I think, though, that this reductionism is unjustified. Goodness is learned — can be learned — as evil is not. The technology of evil can be learned, of course, such as more sophisticated ways to kill or maim or rob or destroy, but the motivation to do evil is as natural as hunger, An infant is entirely self-absorbed. The first cry for fairness is only for fairness for oneself. Children's cruelty is unconscious because there is simply no awareness that others may feel pain or sorrow. Generosity, pity and compassion are all learned emotions. The conscience develops through teaching. In some few people it does not. Sociopaths and psychopaths, people who revel in hatred and bigotry, tyranny and torture, stand outside of humanity. Although I believe in the possibility of redemption I have learned that there are some people who cannot be redeemed. There are those who must, at least through DNA testing, be defined as human who are not fully human, who have no conscience, no mercy, no love, who find joy in the sufferings of others, and who cannot and will not change. Can we speak of their inherent worth and dignity? I, at least, cannot, but neither can I speak of them as fully human.

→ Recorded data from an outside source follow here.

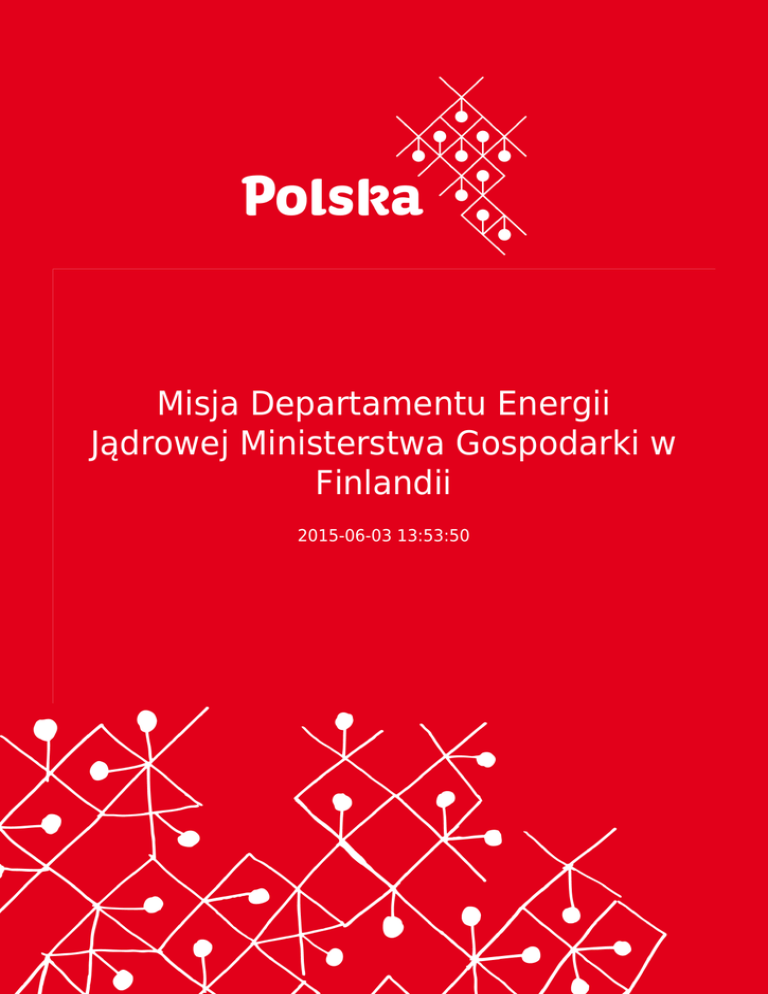 Misja Departamentu Energii Jądrowej Ministerstwa Gospodarki w Finlandii 2015-06-03 13:53:50 2 W dniach 24-29.05.2015 r. przebywała w Finlandii misja Departamentu Energii Jądrowej Ministerstwa Gospodarki. Celem misji było zapoznanie się z problematyką cyklu paliwowego w fińskich elektrowniach jądrowych. W dniach 24-29.05.2015 r. przebywała w Finlandii misja Departamentu Energii Jądrowej Ministerstwa Gospodarki. Celem misji było zapoznanie się z problematyką cyklu paliwowego w fińskich elektrowniach jądrowych. Program wizyty przewidywał szereg spotkań, w tym z przedstawicielami Ministerstwa Zatrudnienia i Gospodarki, STUK (Radiation and Nuclear Safety Authority), konsorcjum FENNOVOIMA powołanego do budowy nowej elektrowni jądrowej Hanhikivi 1 w Pyhäjoki, firmą Teollisuuden Voima Oyi (TVO), operatorem elektrowni jądrowych w Olkiluoto, oraz z przedstawicielami francuskiej firmy AREVA, budującej trzeci reaktor jądrowy w Olkiluoto. 3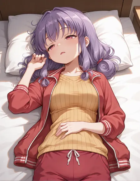 외모: 보라색 머리, 낮게 접힌 듀얼 테일, 분홍색 눈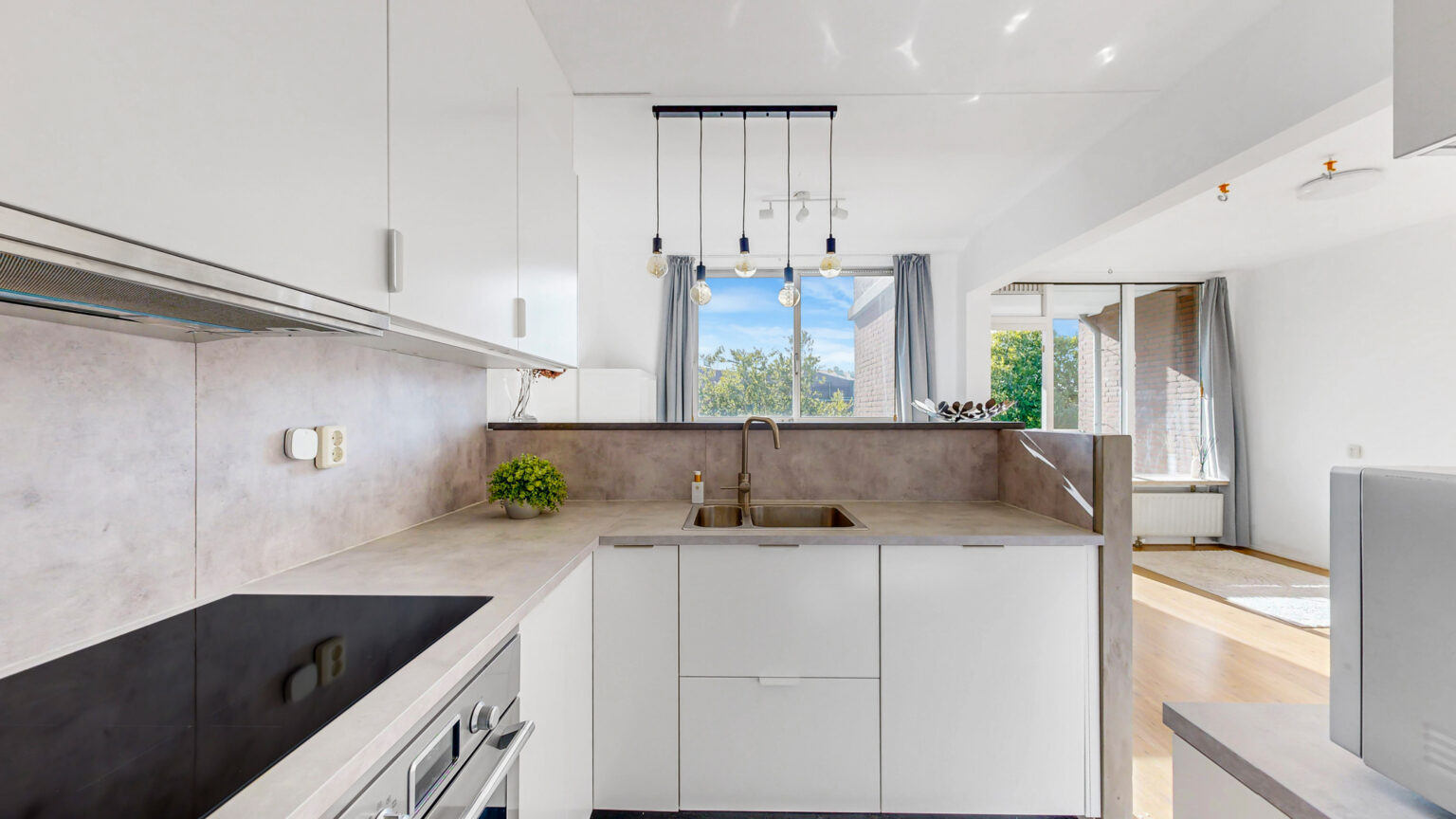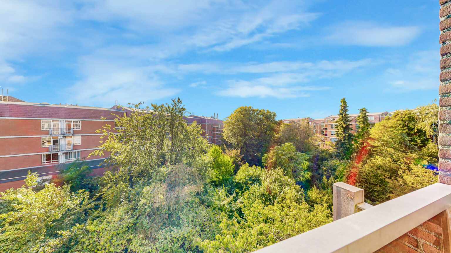 Op de woonverdieping wacht een lichte woonkamer met open keuken. Dankzij de grote ramen valt de zon rijkelijk naar binnen en heb je een fijn uitzicht op het groen. De moderne keuken met gezellige bar biedt veel werk- en opbergruimte en is uitgerust met een dubbele spoelbak, inductiefkokplaat, afzuigkap, oven, aparte magnetron en een koel-/vriescombinatie. Extra praktisch is de inpandige bergkast, ideaal als voorraadruimte. Vanuit de woonkamer stap je zo het balkon op, gelegen op het zuidwesten: een heerlijke plek voor een drankje in de middag- of avondzon.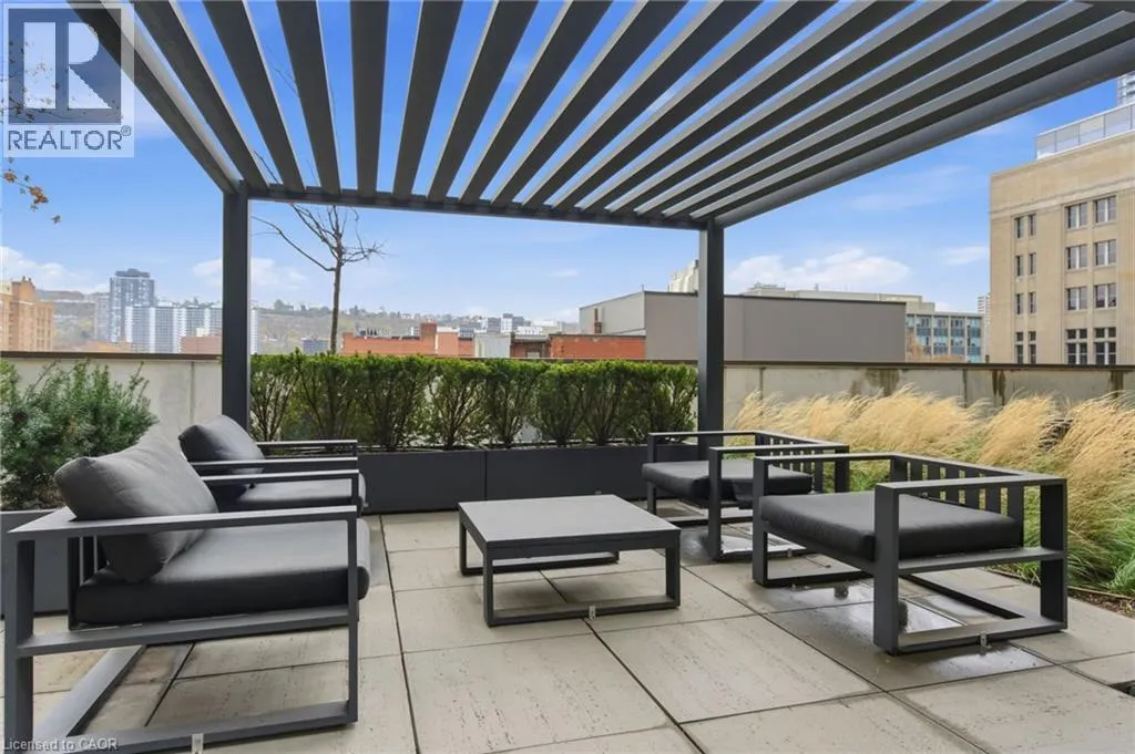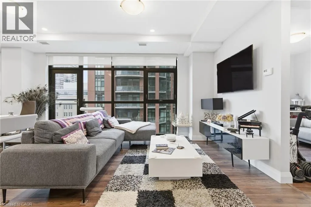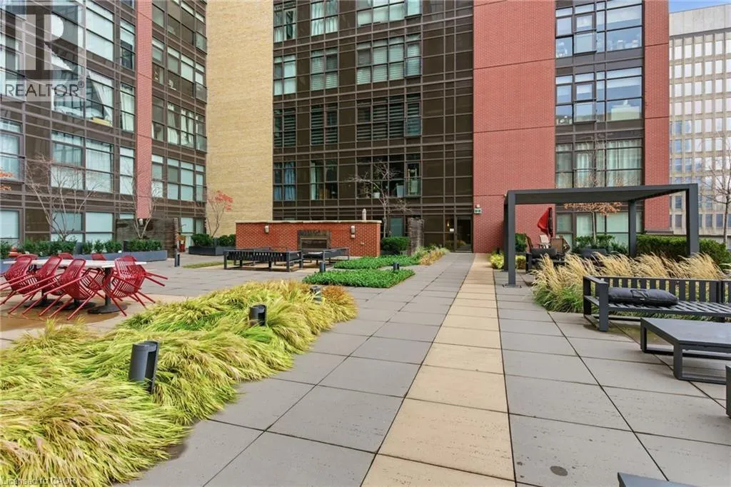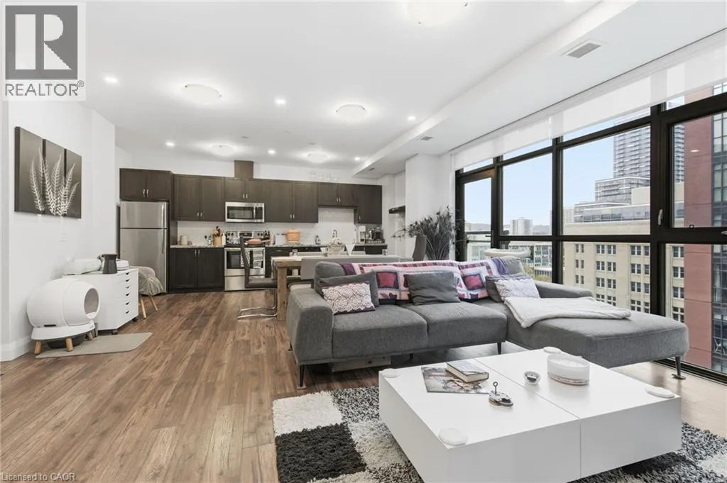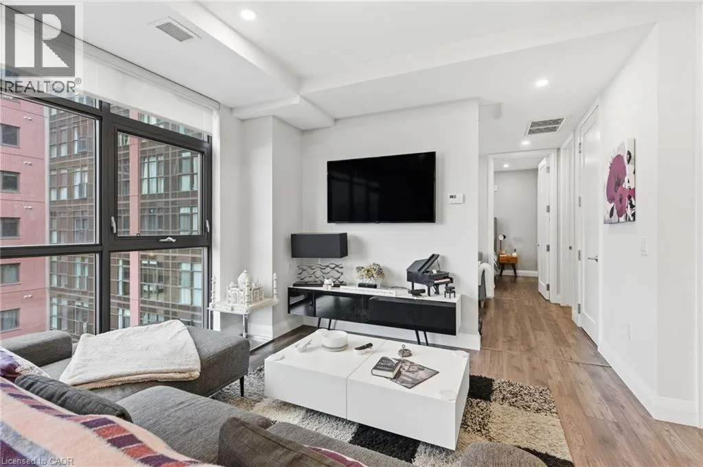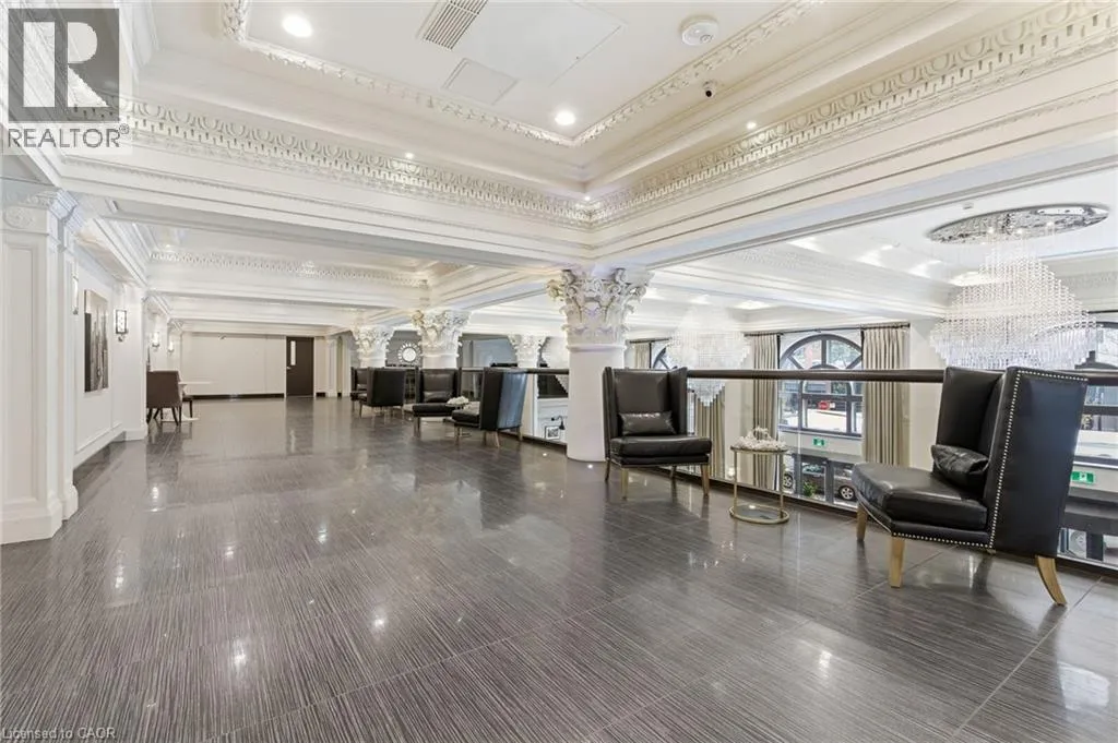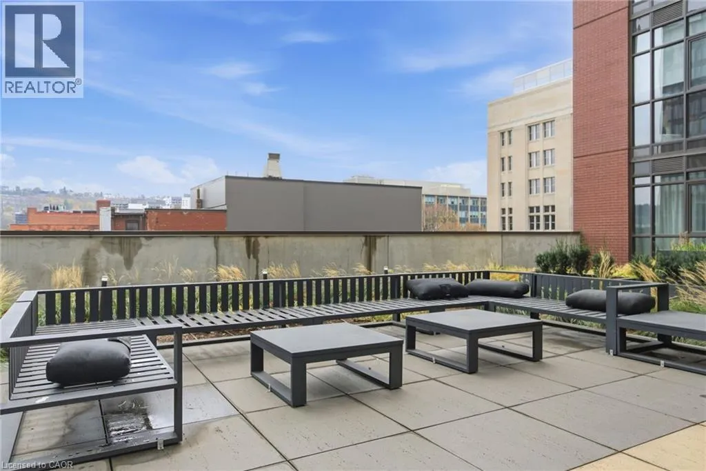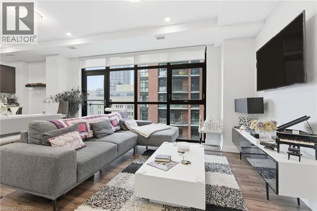 118 King St E, Enter on King St between Catherine St and John St Bright, refined, and effortlessly contemporary - Suite 916 at the iconic Royal Connaught, a beautifully preserved piece of Hamilton's history in the heart of downtown, offers an exceptional standard of urban living. This nearly 900 sq. ft 1-bedroom + den residence features 9' ceilings and expansive floor to ceiling windows that span the full width of the suite, immersing the home in natural light and framing sweeping southeast views of the courtyard, city skyline, and escarpment. Showcasing one of the building's most desirable layouts, the suite includes extra height kitchen cabinetry with lower pull-outs, granite countertops, pot lights, solar-charged motorized blinds, and a walk-in closet with custom organizers. The bathroom has also been beautifully upgraded with granite counters and premium porcelain tile. Thoughtful enhancements throughout elevate both comfort and style. The spacious open den provides exceptional versatility - ideal as a home office, guest room, or potential second bedroom. Residents enjoy access to outstanding amenities, including a rooftop terrace perfect for sunsets and summer evenings, concierge service, a fully equipped fitness centre, media room and elegant party room. This unit also comes with an owned locker and an underground parking spot. Step outside and you're moments from Hamilton's finest cafes, shops, art galleries, and restaurants, along with the vibrant energy of James Street. Hospital services, transit and GO station connections are all within easy reach. If you're seeking a seamless blend of luxury, history, and urban convenience, this spectacular suite at the Royal Connaught might just be your perfect match. (id:27476)

Although there is some evil in everyone, there is also goodness, and it seems to me, despite so much of what we see and read, the goodness mostly outweighs the evil. Children learn kindness and practice it when it is learned. When we have done evil repentance and redemption are possible — and even likely. Even I no longer have any desire to cast arrows at Bill Schulz. Human beings are in fact strange and wonderful beings in their moral nature. With all the reasons for fear, yet most of us are more likely to concern ourselves with what is true and right than to grab and tyrannize. We have done wonders with our minds throughout the generations, building physical, mental and social structures of strength and beauty; if we can find ways to cast out fear, our own and that of others, we can build structures of the soul creating a world of peace and love. I don't always know that I believe that, seeing the evil that we continue to do, the destruction we have caused, the hatred we have felt for one another, hatred based on such artificial realities as religious differences and tribal names, but I will never cease to affirm it. We can choose goodness and in that choice will find redemption.